MEK-dependent bioenergetic demand drives terminal CD8+ T cell exhaustion

Loss of mitochondrial function contributes to CD8+ T cell dysfunction during persistent antigen encounter. How chronic antigen leads to this metabolic dysfunction remains unclear. Here, we show that TCR-dependent mitochondrial NADH accumulation drives production of ROS, ultimately leading to mitochondrial dysfunction. Among TCR-dependent proximal signaling components, MEKi uniquely reduced nutrient uptake and mitochondrial NADH accumulation while increasing proliferation.
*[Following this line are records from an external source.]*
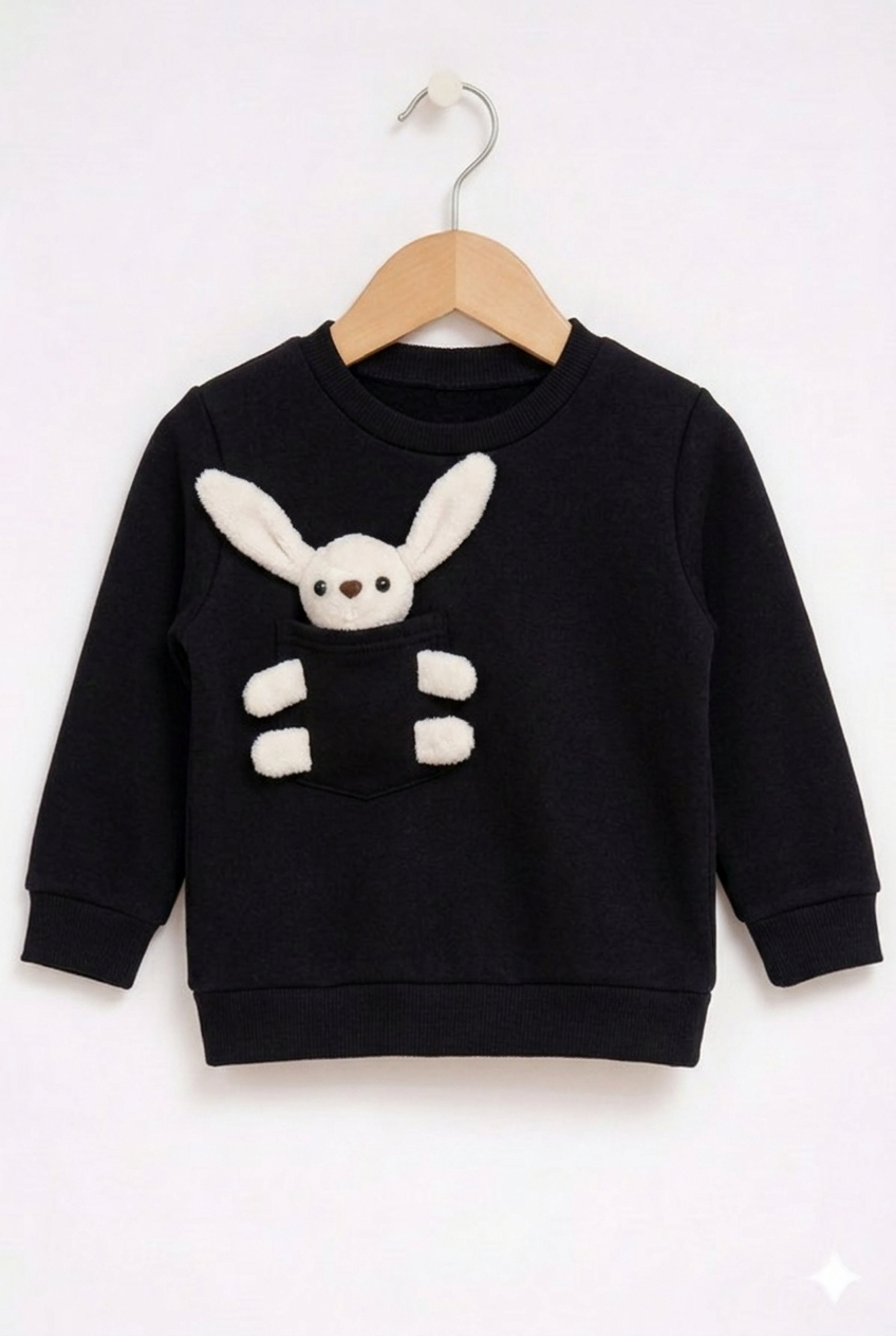 Bavlněná teplá unisex černá mikina s plyšovým zvířátkem. Plyšový zajíček je v ceně a je vyndavací na hraní. Poctivá česká výroba, velikosti sedí, dírky v kapsičce jsou samozřejmě obšité. Odešleme ihned i na Slovensko, do 2 dnů máte doma. Složení 90 % silná hřejivá počesaná bavlna, 10 % pes, 290g/m2 Velikostní tabulka mikiny s hračkou
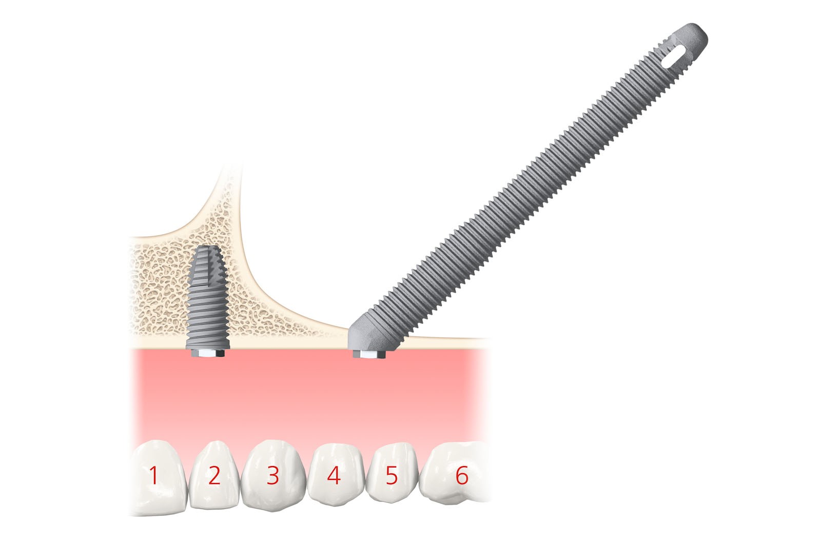 U pacjentów z brakiem wystarczającej ilości kości szczęk w odcinkach bocznych oraz przednim, by założyć tradycyjne, krótkie implanty, wprowadza się symetrycznie po dwa implanty jarzmowe Zygoma po każdej ze stron. Pomocne bywają również tzw. implanty skrzydłowe, które po wprowadzeniu stabilizowane są w wyrostkach skrzydłowych kości klinowych, które zrastają się z tylnymi obszarami szczęk tzw. guzami szczęk. Są to implanty mocowane w jamie ustnej z tyłu, za typową pozycją implantu Zygoma.
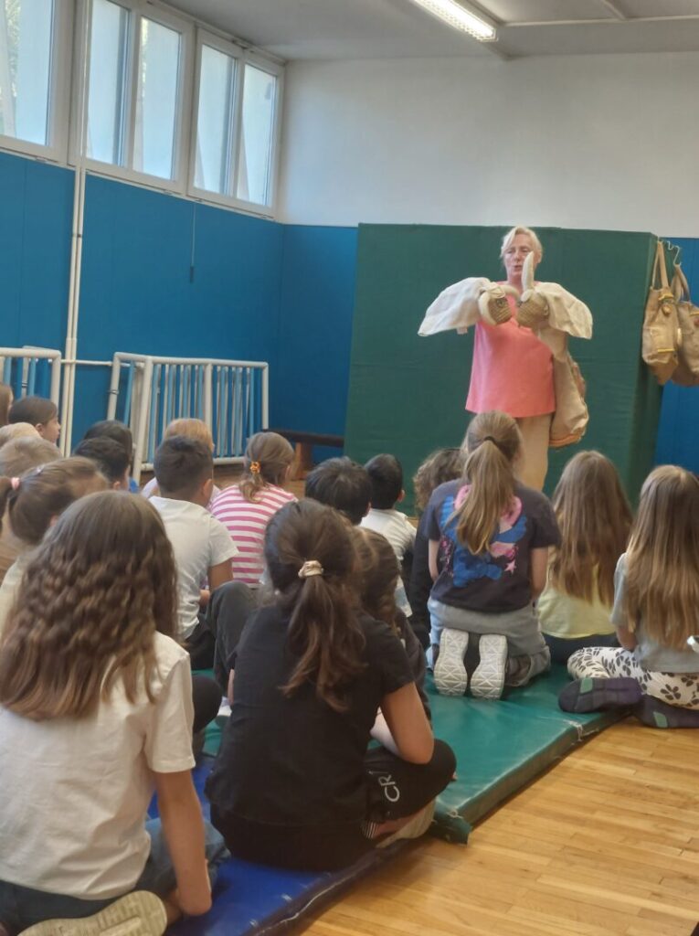 U goste im je stigla spisateljica i lutkarica Jadranka Čunčić Bandov koja im je na jedinstven način približila svijet igrokaza, lutaka i mašte. Umjesto klasičnog čitanja, književnica je za njih izvodila lutkarske igrokaze oživljavajući likove iz svojih igrokaza.

As a result, MEKi during chronic TCR stimulation reduced terminal T cell exhaustion. Mechanistically, we found that chronic MEK activation in T cells drove ATP demand by increasing global protein synthesis rates in vitro and in vivo. MEKi reversed chronic TCR stimulation-driven increases in RNA polymerase II CTD phosphorylation, reducing transcription rates at effector- and terminal-exhaustion associated genes while maintaining transcription of memory-associated genes. These findings establish MEK-dependent metabolic demand as a driver of T cell exhaustion and elucidate the role of MEKi in enhancing immunotherapy efficacy. Nascent RNA-seq was performed on mouse CD8+ T cells under chronic (with and without MEK inhibition) or acute stimulation to examine nascent transcriptional changes linked to T cell exhaustion.